Data was downloaded from the
MPRAVarDB web server.
Variants originally mapped to hg19 (213,689 of 242,818) were lifted to hg38
using liftOver. 114 variants could not be mapped and were excluded.
The remaining variants were merged with the 29,129 natively hg38-mapped variants
to produce a total of 239,028 hg38 records.
Significance thresholds across studies: The source studies in MPRAVarDB do not all use the same significance framework. Most studies apply a Benjamini-Hochberg FDR threshold (commonly 0.05 or 0.10), but some report only nominal regression p-values. For example, Tewhey et al., 2016 uses BH FDR < 0.05 to call "emVars", Griesemer et al., 2021 and McAfee et al., 2023 use BH FDR < 0.10, and Kircher et al., 2019 reports raw regression p-values rather than FDR. The track applies a uniform FDR < 0.05 / nominal p < 0.05 color cutoff for visual consistency, which is the more conservative of the FDR thresholds reported by the source studies. For any variant of interest, consult the source publication for the original significance call.

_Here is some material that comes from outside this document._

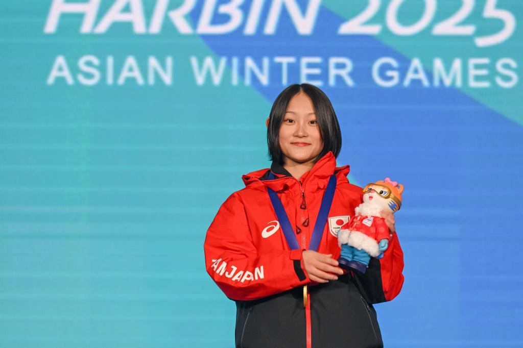 2月13日,日本選手清水笑良在頒獎(jiǎng)儀式上。當(dāng)日,第九屆亞冬會(huì)單板滑雪女子U型場(chǎng)地技巧比賽決賽因大風(fēng)天氣取消,最終按照預(yù)賽成績(jī)決定獎(jiǎng)牌歸屬。新華社記者 連振 攝

The data can be explored interactively in table format with the Table Browser or the Data Integrator and exported from there to spreadsheet or tab-sep tables. From scripts, the data can be accessed through our API, track=mpraVarDb.
For automated download and analysis, the genome annotation is stored in a bigBed file that can be downloaded from our download server. The file for this track is called mpravardb.bb. Individual regions or the whole genome annotation can be obtained using our tool bigBedToBed, which can be compiled from the source code or downloaded as a precompiled binary for your system. Instructions for downloading source code and binaries can be found here. The tool can also be used to obtain features within a given range, e.g. bigBedToBed http://hgdownload.soe.ucsc.edu/gbdb/hg38/mpra/mpravardb/mpravardb.bb -chrom=chr21 -start=0 -end=100000000 stdout
The original annotation source data can be downloaded from the MPRAVarDB web server.
Thanks to Tao Wang and colleagues at the University of Florida for creating and maintaining the MPRAVarDB database.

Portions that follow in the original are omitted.